Un syndrome de sevrage correspond à l’ensemble des symptômes qui se manifestent lorsque la dose du médicament est diminuée, alors que la toxicité médicamenteuse se présente sous la forme d’un ensemble de symptômes qui apparaissent lors des augmentations de dose.
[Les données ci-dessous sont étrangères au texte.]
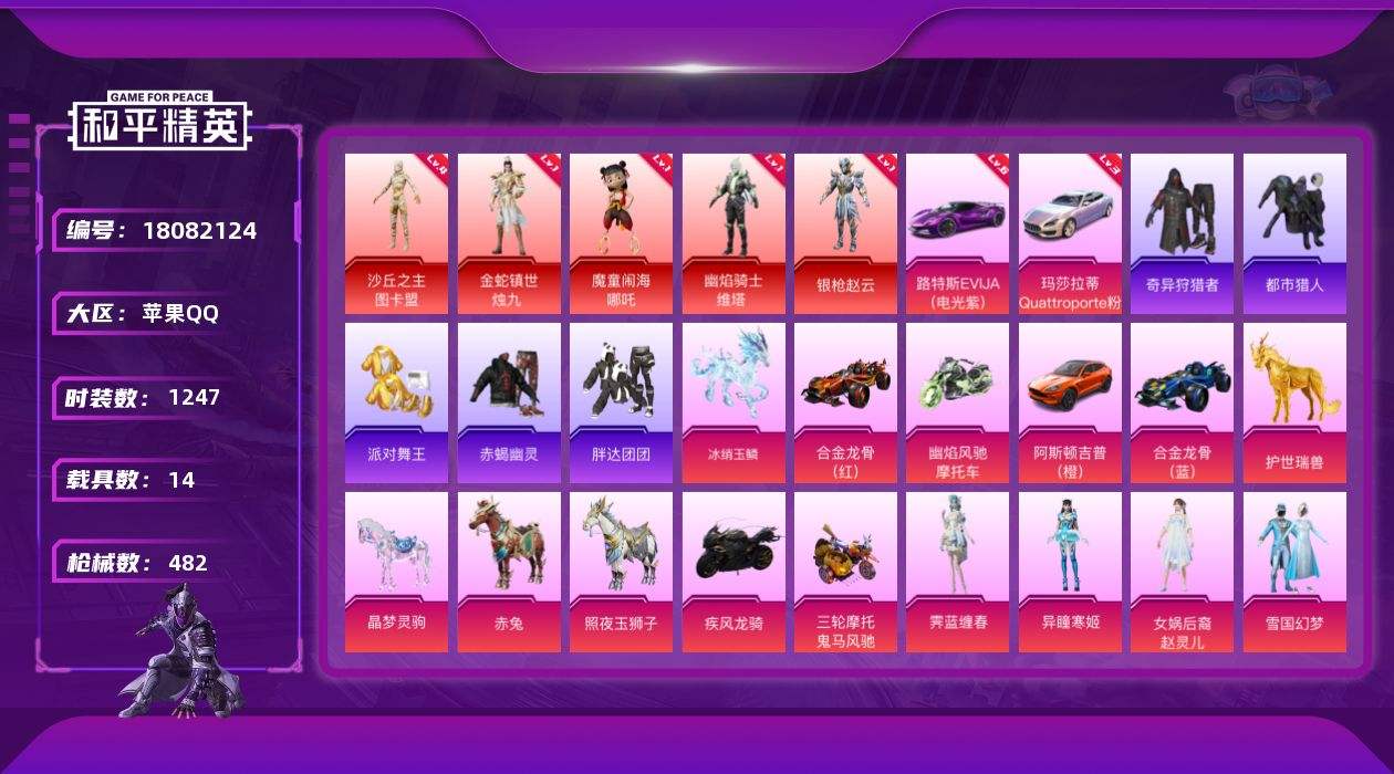 【617182】【可二次】【苹果QQ】合金龙骨蓝色 路特斯EV紫色 M762-甜蜜誓约 都市猎人 MK14-闲梦青缨 沙丘之主-图卡盟 M416-心之恋语 缤纷油彩 黄螳螂 山涧鹿灵 魔童闹海-哪吒 SCAR-童趣迷兔 童趣迷兔 M416-超新星 AUG-星之彼岸 合金龙骨红色 怪诞乔克 S12K-海渊国主 Vector-环太平洋 暗夜玫瑰 AKM-梦之光华 UMP45-相思残雪 SKS-碧影闪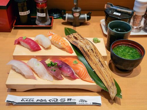 神奈川県のローカル回転寿司チェーン「二代目ぐるめ亭 CIAL桜木町店」へ。17:00までの平日限定ランチで「大名穴子と豊洲鮮魚の四季彩握り」を食べました。穴子が1本ドーンと!

Les symptômes de sevrage : un effet indirect des médicaments observé lors des diminutions de dose

Les symptômes de sevrage sont des effets indirects de la substance prise, dans le sens où ils correspondent à une réponse de l’organisme aux diminutions et non aux effets directs de la substance.

L’intoxication médicamenteuse : un effet direct des médicaments observé lors des augmentations de dose

L’intoxication médicamenteuse est un terme utilisé pour parler des effets neurotoxiques et/ou toxiques directs de la substance prise, dans le sens où les symptômes observés sont les conséquences directes des effets de la substance.

Une substance peut intoxiquer l’organisme lors des premières prises. Et l’intoxication va se maintenir et souvent s’aggraver au fil des prises.

Comment faire la différence entre des symptômes de sevrage qui perdurent malgré l’application des règles de sevrage et une éventuelle toxicité ?

La meilleure façon de faire est d’augmenter un peu la dose:

  • si les symptômes augmentent c’est qu’il y a toxicité, en ce cas le sevrage devra être plus rapide et se faire en 6 ou 8 semaines et sous surveillance médicale intensive. Avant de se lancer dans cette option il faut bien observer ce qui se passe!
  • si les symptômes diminuent en intensité, c’est qu’il s’agit bien de symptômes de sevrage. Dans ce cas, régler plus finement le protocole de sevrage pourra aider (adapter le pourcentage de diminution et/ou la longueur du palier).

Comment savoir si on est sous-dosage?

Pour savoir si vous êtes en sous-dosage, c’est-à-dire que vous êtes entré en tolérance, essayez d’augmenter légèrement la quantité de médicament prise en revenant, par exemple, à la dernière dose journalière où vous vous sentiez “bien”. Si vous observez une diminution des symptômes de manque, alors c’est que vous êtes en sous-dosage et qu’il vaudrait mieux commencer votre sevrage à partir de la dose où vous vous sentiez “bien” (= votre dose de confort) et où les symptômes étaient peu intenses ou peu présents.

Mais attention, si au contraire, en augmentant légèrement votre dose journalière vous vous sentez encore plus mal parce que les symptômes sont encore plus nombreux et plus intenses, alors là, cela veut dire que la substance a un effet principalement toxique sur votre organisme et qu’il faudra adapter le sevrage en conséquence (il faudra envisager de faire un sevrage rapide sous surveillance médicale accrue).